DATA BLOCK.
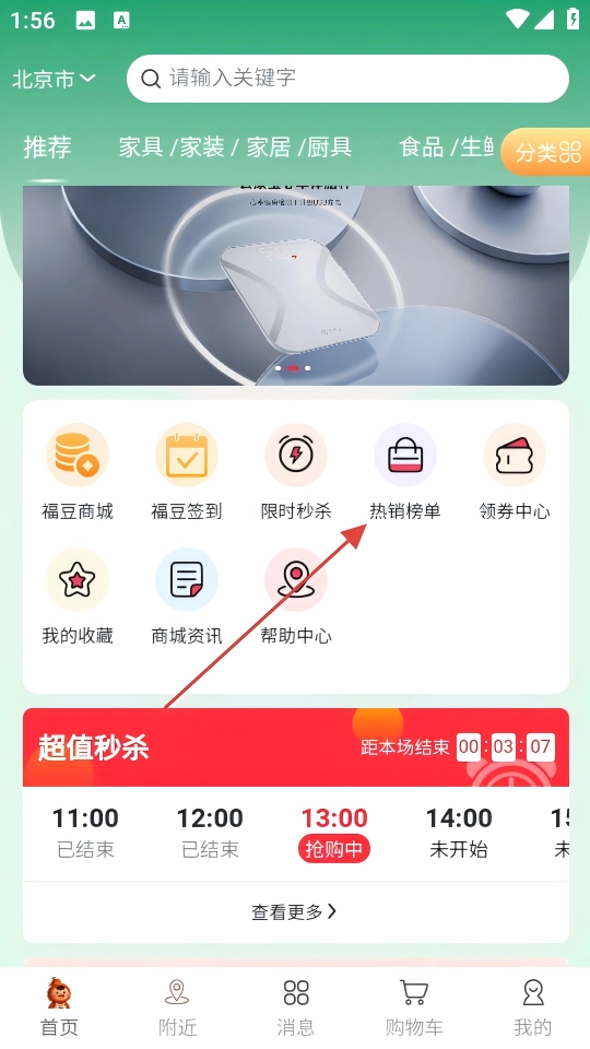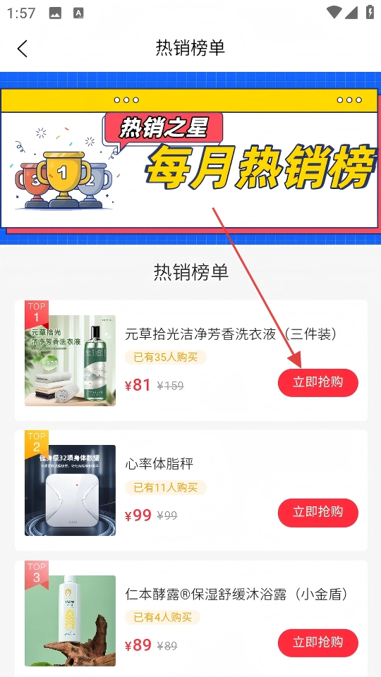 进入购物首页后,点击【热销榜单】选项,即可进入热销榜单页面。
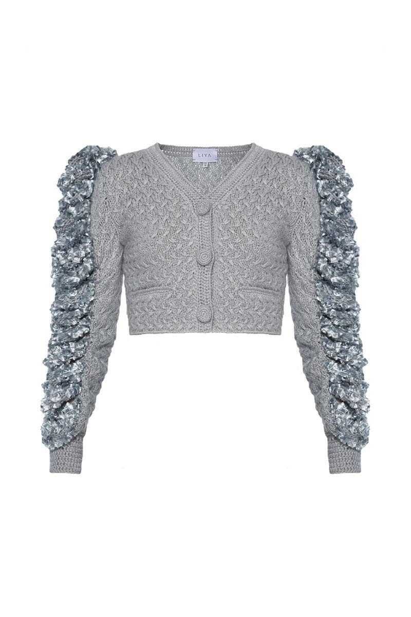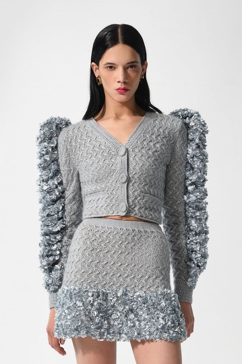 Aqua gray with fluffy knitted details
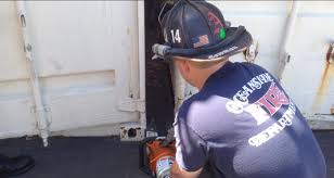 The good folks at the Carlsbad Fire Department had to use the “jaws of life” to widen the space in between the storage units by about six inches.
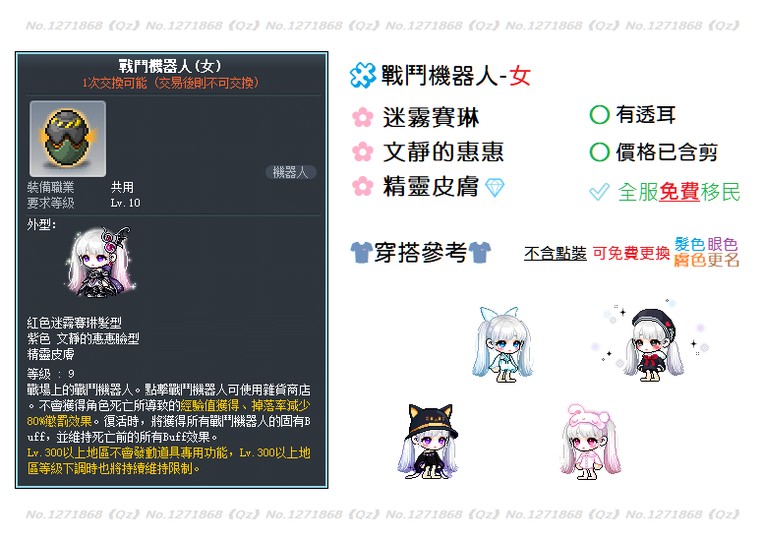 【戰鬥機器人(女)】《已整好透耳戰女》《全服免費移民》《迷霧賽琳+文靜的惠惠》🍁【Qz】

TASK REQUIREMENTS. Give back word for word the lines from the one containing "The good folks" through the final line of the data above. Pictures are to be left out.

RESULT.
 The good folks at the Carlsbad Fire Department had to use the “jaws of life” to widen the space in between the storage units by about six inches.
 【戰鬥機器人(女)】《已整好透耳戰女》《全服免費移民》《迷霧賽琳+文靜的惠惠》🍁【Qz】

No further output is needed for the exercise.